Task directions:
Could you print the stretch of lines below from the one with "अखिल नेपाल महिला" through the one with "gg Padlock Small", exactly as they stand and without any pictures?

(Dataset excerpts)
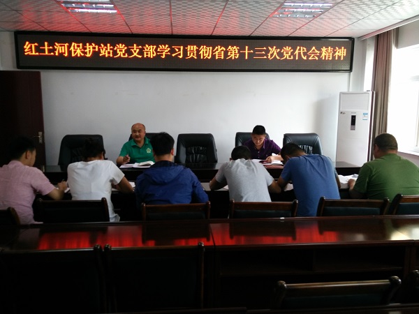 红土河保护站党支部学习传达省第十三次党代会精神
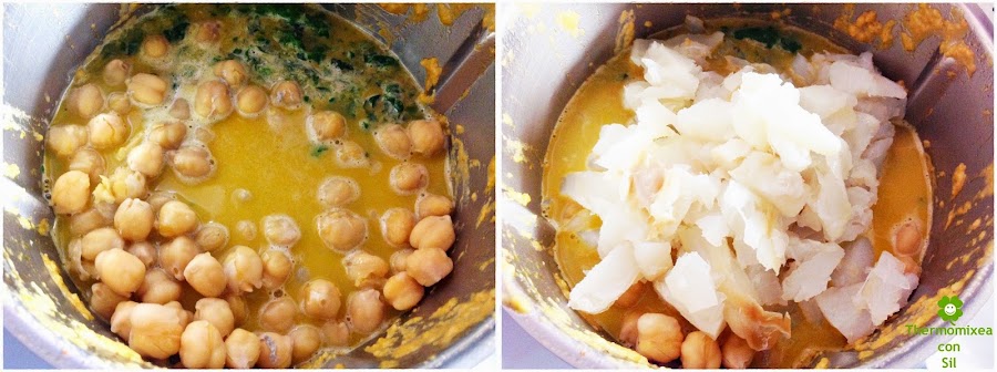 Añade el resto de garbanzos cocidos y el bacalao desmigado. Programa 8 MINUTOS /100º / GIRO DERECHA-IZQUIERDA / VELOCIDAD CUCHARA.
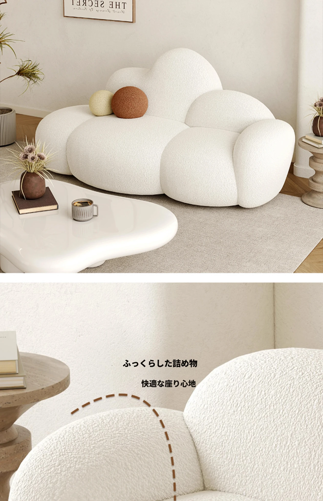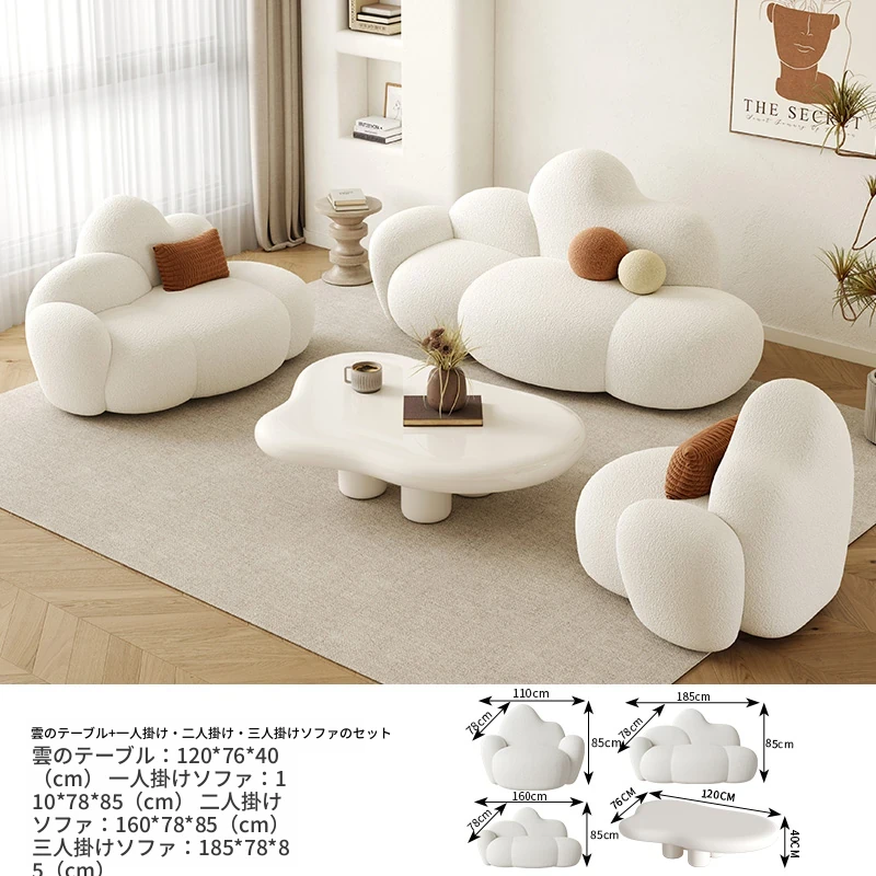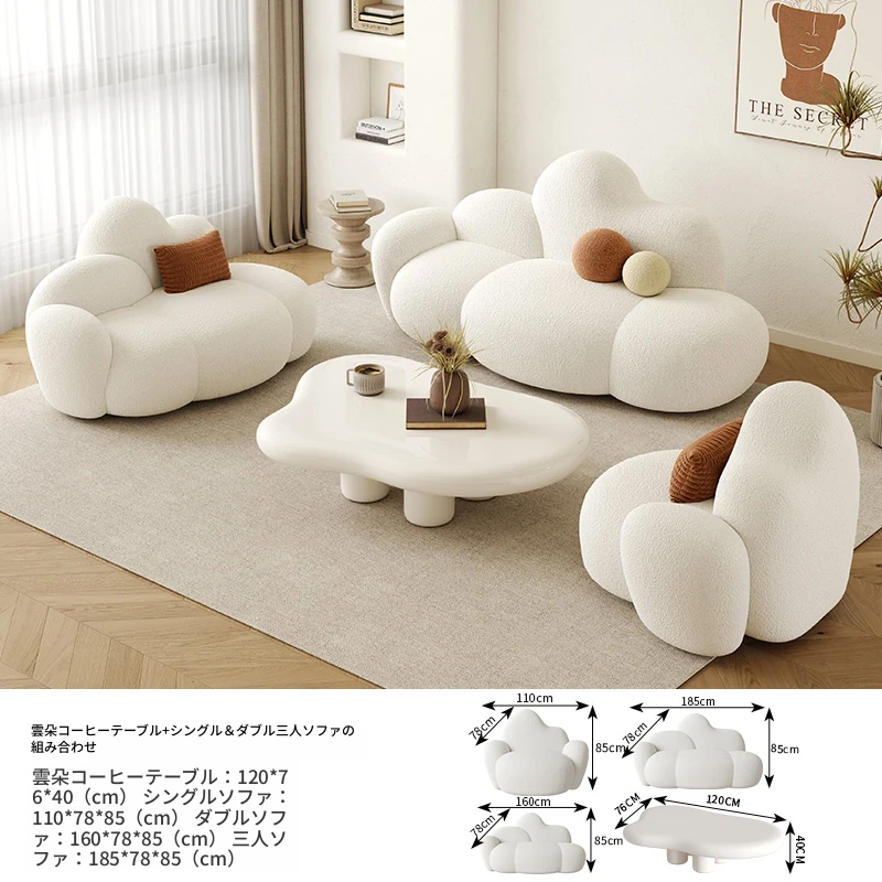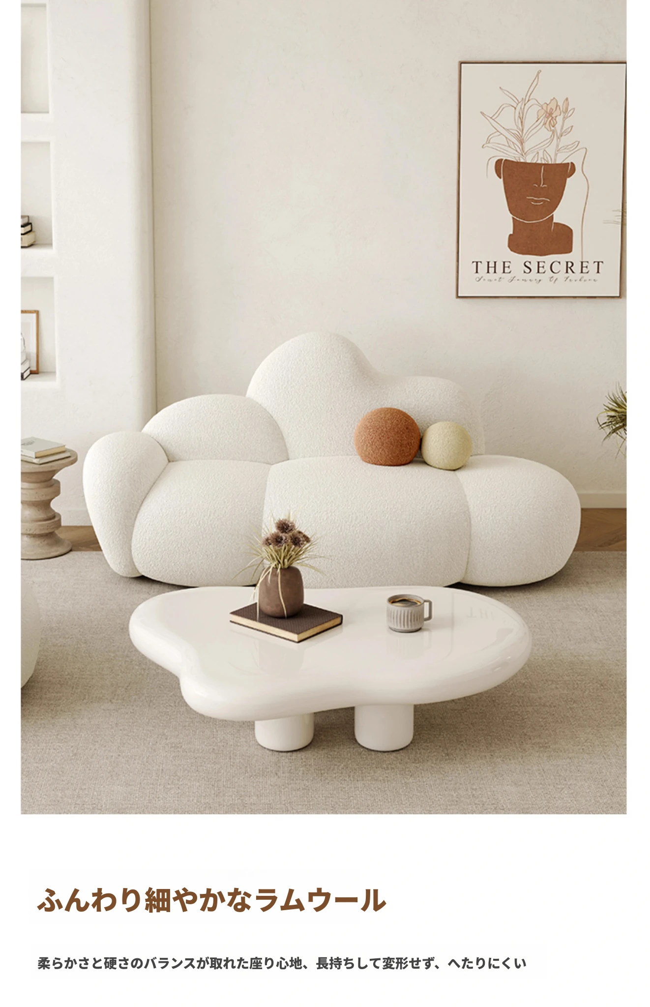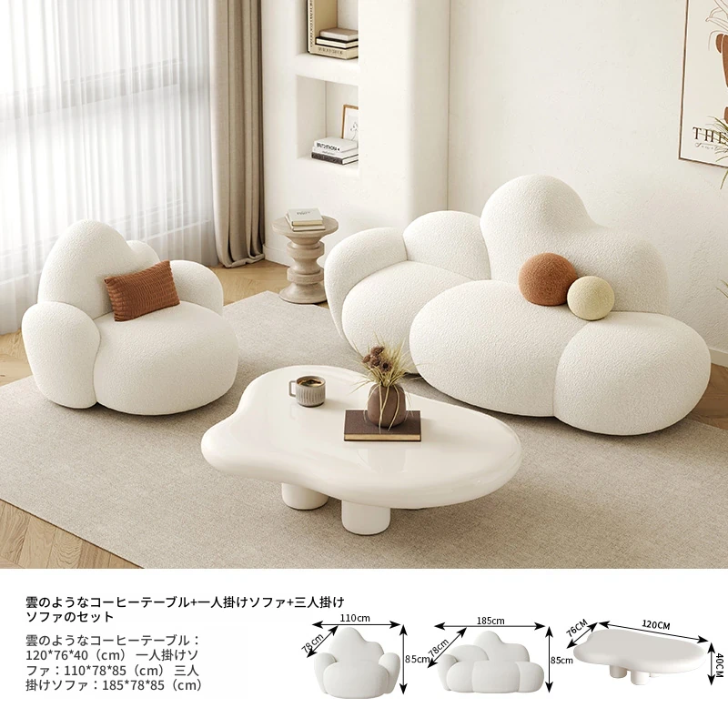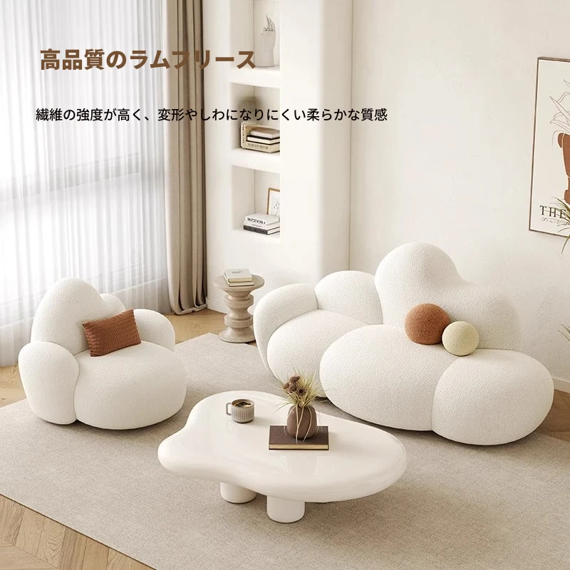 雲朵テーブル+一人用+三人用ソファの組み合わせ デフォルトミルクホワイトのラムフリース
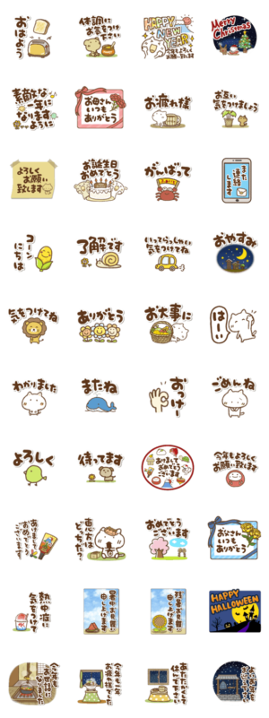 春夏秋冬、いろいろなイベント・行事用のスタンプとずっと使えるシンプルあいさつ。
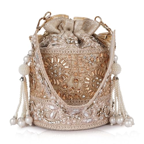 Kuber Industries Silk Embroidered Women Potli Bag (Cream) -CTKTC8803
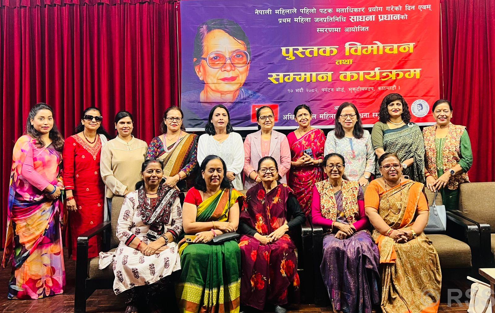 अखिल नेपाल महिला सङ्घ र साधन स्मृति समाजले आज पहिलोपटक साधना प्रधानको सम्झानामा नेपाली महिलाले पहिलोपटक मताधिकार प्रयोग गरेको दिन एवं प्रथम महिला जनप्रतिनिधि साधना प्रधानको स्मरणमा पुस्तक समेत सार्वजनिक गरेको छ ।
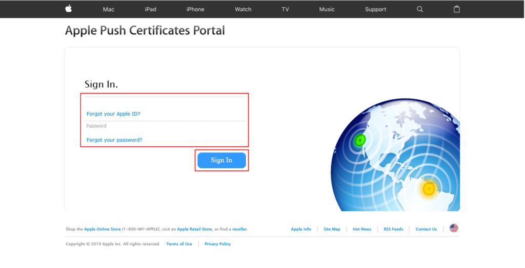 Apple Push Certificates PortalのWebサイトが表示されます。
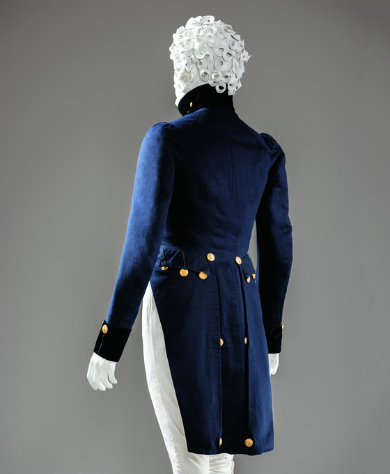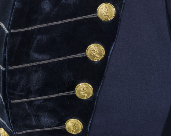 Wool plain weave, full finish, and silk velvet with wool braid trim and metallic buttons
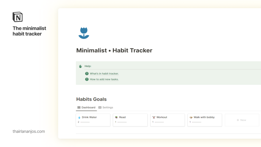 Notion Minimalist Habit Tracker is a template for people who need to implement habits in a quick and simple way, and in a few steps.
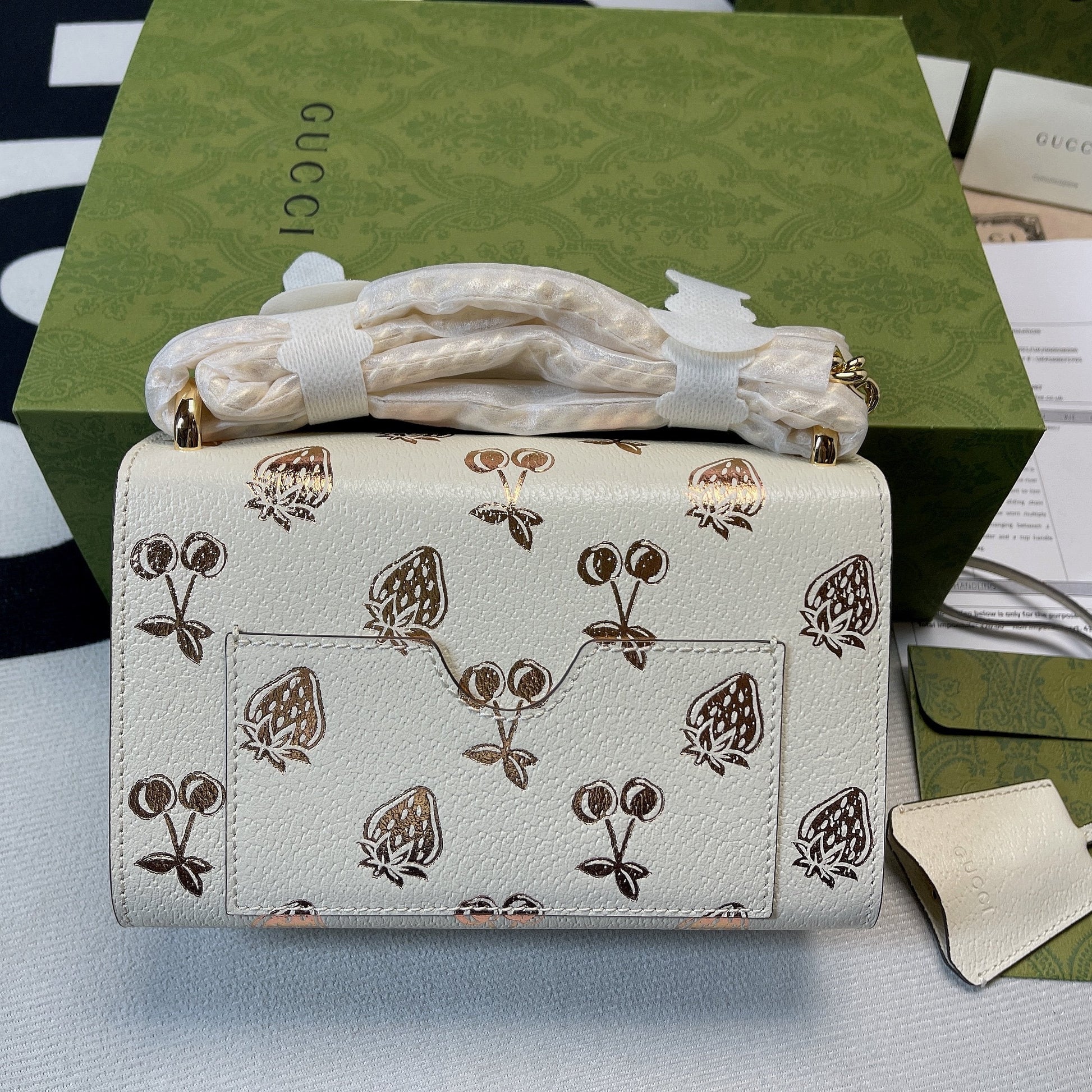 gg Padlock Small gg Strawberry Shoulder Bag White For Women, Women’s Bags 7.9in/20cm gg
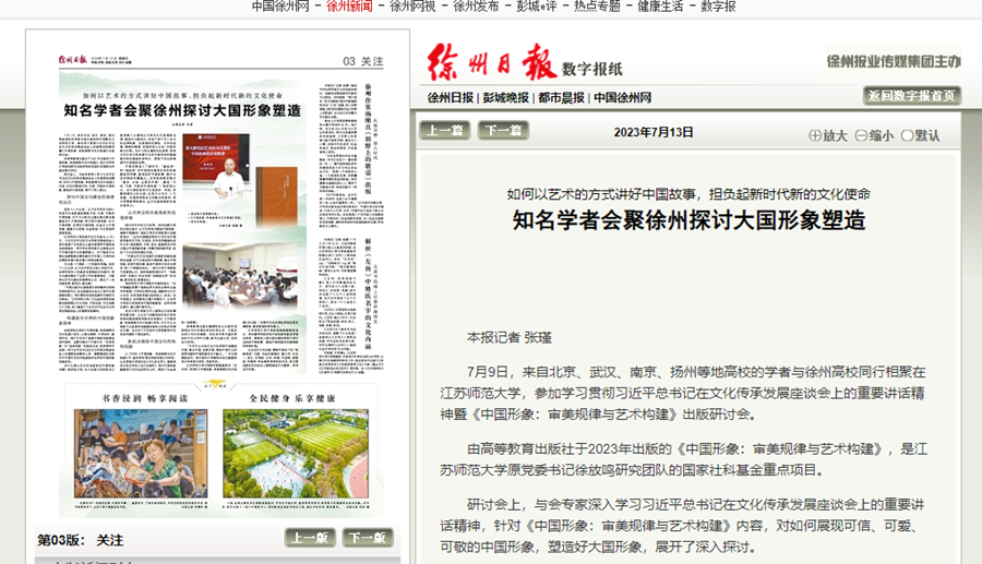 徐州日报7月13日报道(中国)官方网站举办的学习贯彻习近平总书记在文化传承发展座谈会上的重要讲话精神暨《中国形象:审美规律与艺术构建》出版研讨会,报道内容如下:

Result:
 अखिल नेपाल महिला सङ्घ र साधन स्मृति समाजले आज पहिलोपटक साधना प्रधानको सम्झानामा नेपाली महिलाले पहिलोपटक मताधिकार प्रयोग गरेको दिन एवं प्रथम महिला जनप्रतिनिधि साधना प्रधानको स्मरणमा पुस्तक समेत सार्वजनिक गरेको छ ।
 Apple Push Certificates PortalのWebサイトが表示されます。
 Wool plain weave, full finish, and silk velvet with wool braid trim and metallic buttons
 Notion Minimalist Habit Tracker is a template for people who need to implement habits in a quick and simple way, and in a few steps.
 gg Padlock Small gg Strawberry Shoulder Bag White For Women, Women’s Bags 7.9in/20cm gg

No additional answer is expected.